Но ты все еще в моем сердце. Здесь, в настоящем. И у меня язык не поворачивается говорить о тебе в прошедшем времени.
Тихая… Аня… Я должен попытаться все исправить! Я должен все изменить! Иначе буду до конца своих дней жалеть об упущенном шансе на спасение.
— Мне надо ехать! — завожу старую пластинку, перепрыгивая осколки плазмы.

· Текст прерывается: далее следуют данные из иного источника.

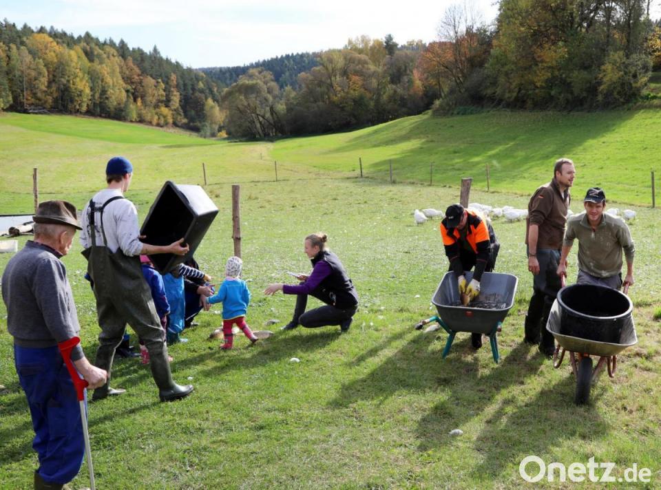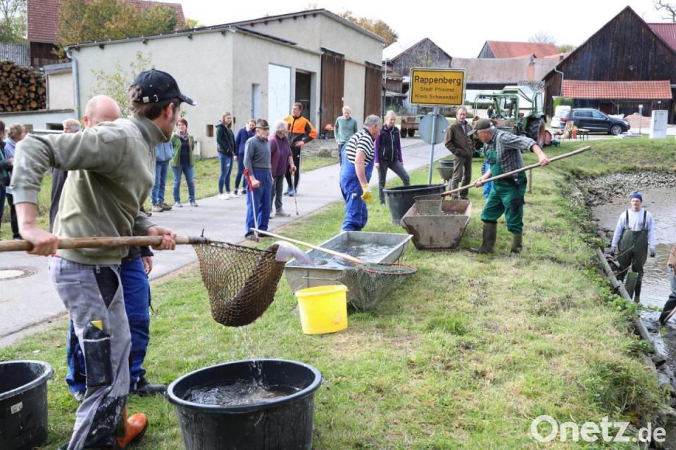 "Im letzten Jahr ist das Abfischen ausgefallen, weil es so trocken war", berichtet eine der Frauen, die amüsiert zuschauen, was das Wasser nun in diesem Jahr hergibt. Weil der Weiher auch als Löschteich für den Fall eines Brandes dient, hatte man es lieber nicht riskiert, ihn zu leeren. "Ein paar große fehlen noch", stellen die Männer fest, die gleich mit der Auswahl je nach Größe beginnen. Der "K1", also der einjährige Fisch muss zurück, auch der "K2" ist noch zu klein. Nur was schon ein paar Jahre hier schwimmt, ist groß genug für die Pfanne. Chef über die Rappenberger Teichwirtschaft ist in diesem Jahr Anton Zenger, der im Feuereifer des Sortierens nicht wenige Schlammspritzer abbekommen hat. "Der Posten geht jedes Jahr auf einen anderen Anteilseigner im Dorf über", erläutert Josef Bartmann. Die Frauen in dem Ort mit seinen 34 Einwohnern haben Kuchen gebacken und Kaffee gekocht, Bierbänke sind aufgestellt und ein kleines Lagerfeuer gibt es auch. "Nächstes Jahr sind wir hier 35", berichtet Josef Bartmann, der stolz darauf ist, dass sein Heimatort schon 1299 urkundlich erwähnt ist und 2013 die Goldmedaille bei "Unser Dorf soll schöner werden - unser Dorf hat Zukunft" gewonnen hat.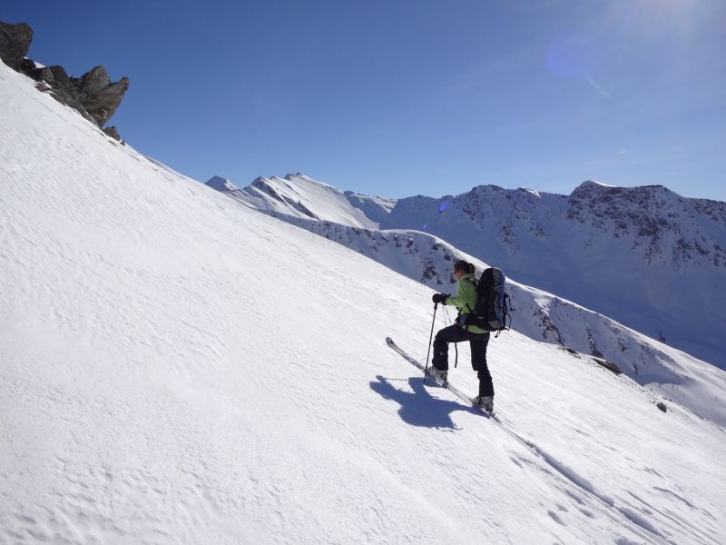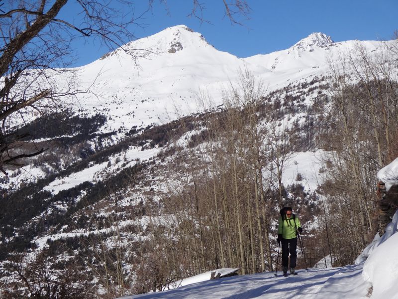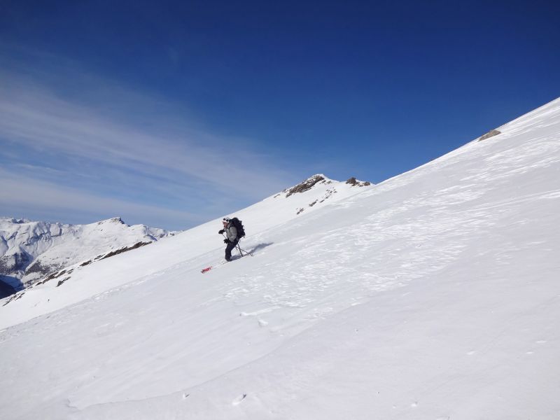 Pentes ouest comme E17. Emprunter au départ la piste de ski de la remontée survivante de la station plutôt que la piste forestière. Le terrain se prête au choix de tracés toujours en bonne neige

— Да, блядь! Мир! — хватается за голову Писатель. — Я тебя сейчас просто вырублю! Заебал пороть горячку.
— Я поеду к Ане и верну ее. Захочет уйти, тогда ей придется сравнять меня с землей, — обхожу друга и пытаюсь найти ключи от машины, которые вчера спрятал Султан, чтобы я не сел за руль под легким градусом румынской настойки.
— Будешь унижаться? — прилетает мне в спину.
Глупо надеяться, что Чехов когда-нибудь меня поймет…
Изо дня в день мне приходится сталкиваться с болезненными воспоминаниями и понимать, что Ани больше не будет рядом. С ее уходом в душе образовалась пустота, которую никак не удается заполнить.
Так готов ли я унижаться и умолять ее вернуться?
— Чехов… Я готов каждый раз наступать себе на горло, задвигать гордость, лишь бы Тихая была рядом… Жора! — толкаю на выдохе. — Она идеальная, понимаешь? Она хорошая. И если бы я не был уверен в ее чувствах, давно забил бы на эту любовь.
Жора пожимает плечами и смотрит на меня так, мол: «С тобой, придурком, бодаться бесполезно. Делай что хочешь»!
— Тебе нельзя ехать к ней в таком состоянии. Ты в зеркало себя видел? — говорит Чехов, смирившись с ситуацией. — Сначала проспись, юный виконт де Вальмон, а потом я отвезу тебя к молодой Сесиль де Воланж.
Да, Писатель прав — в таком виде заявиться в доме Тихой я не могу. Для начала мне нужно протрезветь.
А что может быть лучше ледяного душа?
Скидываю шорты, забираюсь в кабину и проворачиваю кран на максимум. Поток воды тут же хлещет по лицу, по плечам, спине. Я закрываю глаза и наслаждаюсь ощущением холода, который заставляет сердце биться быстрее. Ледяные капли освежают голову, приглушают гудящие мысли, остужают внутренний пожар. Так я стою до тех пор, пока не начинаю дрожать.
Быстро смахнув с тела влагу полотенцем, достаю из шкафа костюм. Но не спортивный, а именно, мать вашу, классический. С брюками и пиджаком. Его я покупал, чтобы пару раз выступить с речью на благотворительных вечерах, которые устраивает отец через каждые полгода.
— Это что за маскарад? — кривится Писатель. — Знаешь, Савельев, нет ничего хуже влюбленного мужика.
Я на эту колкость не реагирую. Матерясь, пытаюсь справиться с галстуком, но хоть убейте, не помню, как вяжутся узлы.
— Сейчас этот шнур на шее носят только задроты и офисные планктоны.
— А ты, я смотрю, тот еще модник! — рявкаю раздраженно на Писателя.
Убираю удавку обратно в шкаф и, скрипя зубами дождавшись, пока Его писательское Высочество соизволит оторвать задницу от дивана, срываюсь к Ане, по пути заезжая за цветами.
Да, я действую необдуманно. Не знаю, что скажу ей при встрече. Не знаю, смогу ли сохранять спокойствие при разговоре с родителями Тихони — здесь нет никакой гарантии. А что если ее отец не пустит меня даже на порог дома? А вдруг Аня не выйдет ко мне? Но как бы там ни было, обратной дороги нет. Я обязан попытаться. Ради нее. Ради нас.
Ради нас, блядь, в первую очередь!
Около участка Тихой поправляю слегка влажные после душа волосы, поправляю пиджак, оттягивая его за лацканы, и несколько раз трясу часами на запястье. Но даже «ассорти» из брендов, которые в общей сумме обошлись мне около ляма, не придают уверенности.
Скрип калитки. Тяжелые шаги. Стук в дверь. Задержка дыхания.
Сердце на размах. Душа на разрыв.
Тихий шорох. Смешанные голоса.
И дверь открывается.
— Здравствуйте! Мне нужно поговорить с Аней, — выпаливаю без лишней паузы и только сейчас догоняю, что передо мной стоит отец Тихой.